# Pyrenees chasing chickens



## Goats2Greedy (Jun 2, 2021)

My 2 year old pyrenees is chase my chickens when ever they get out and I have tried getting him used to them but when no one is watching he starts chasing them again. I thought he was getting over it but he has started chasing them again.


----------



## JML Farms (Jan 1, 2021)

At two years old, it’s very hard to break a bad habit like that. If he is a good lgd, and you plan on keeping him several years, I would focus more on how to keep the chickens secure and away from him. Check out some of the other threads here too. I think there was one the other day titled help chicken killer. There were some good ideas and advice given you might want to try. You’re not the first one who has had to deal with this. Hang in there!


----------



## Goats2Greedy (Jun 2, 2021)

Thank you, I would like to keep him, he does a good job keeping other animals away, he will catch the chickens sometimes but when we get the chicken back it is not hurt just scared. We have only lost one and it just disappeared one day and he showed up with it a few days later, I don't know if he killed it or if something else did.


----------



## toth boer goats (Jul 20, 2008)

Get a shock collar on him, zap him when he thinks he wants to go after them. Timing is key. 

Make sure the collar is on skin contact with the points.

Tell the dog a Stern NO! at the same time. After a while of using the collar, just a command of NO! May be enough.

But you have to be right on top of it, to hopefully get the point across to stop the behavior.

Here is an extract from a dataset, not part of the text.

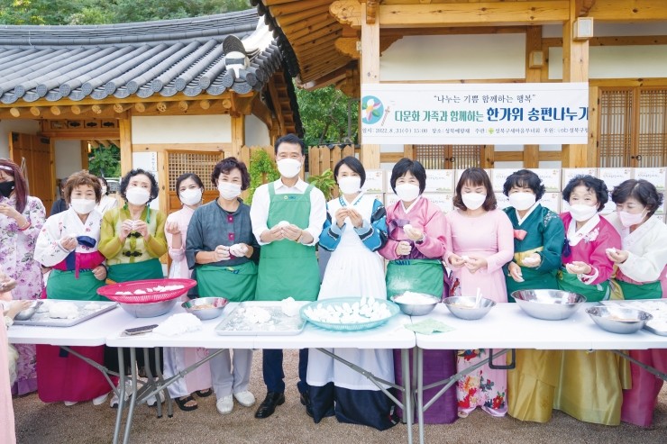 추석명절을 앞두고 성북구(구청장 이승로)에서 다문화가정이 참여하는 송편빚기가 진행됐다. 송편빚기의 달인 성북구 새마을부녀회 20명과 바쁜 일정 속에서도 음식 나눔 행사를 꼼꼼히 챙기면서 ‘앞치마 행정’으로 유명한 이승로 성북구청장이 함께했다. 베트남,...

It is chasing now, so by disciplining the dog now, before he draws blood to cause injury or death, may do the trick.


----------



## Goats2Greedy (Jun 2, 2021)

toth boer goats said:


> Get a shock collar on him, zap him when he thinks he wants to go after them. Timing is key.
> 
> Make sure the collar is on skin contact with the points.
> 
> ...


Thank you for all the help.


----------



## toth boer goats (Jul 20, 2008)

You bet, let us know if it work.


----------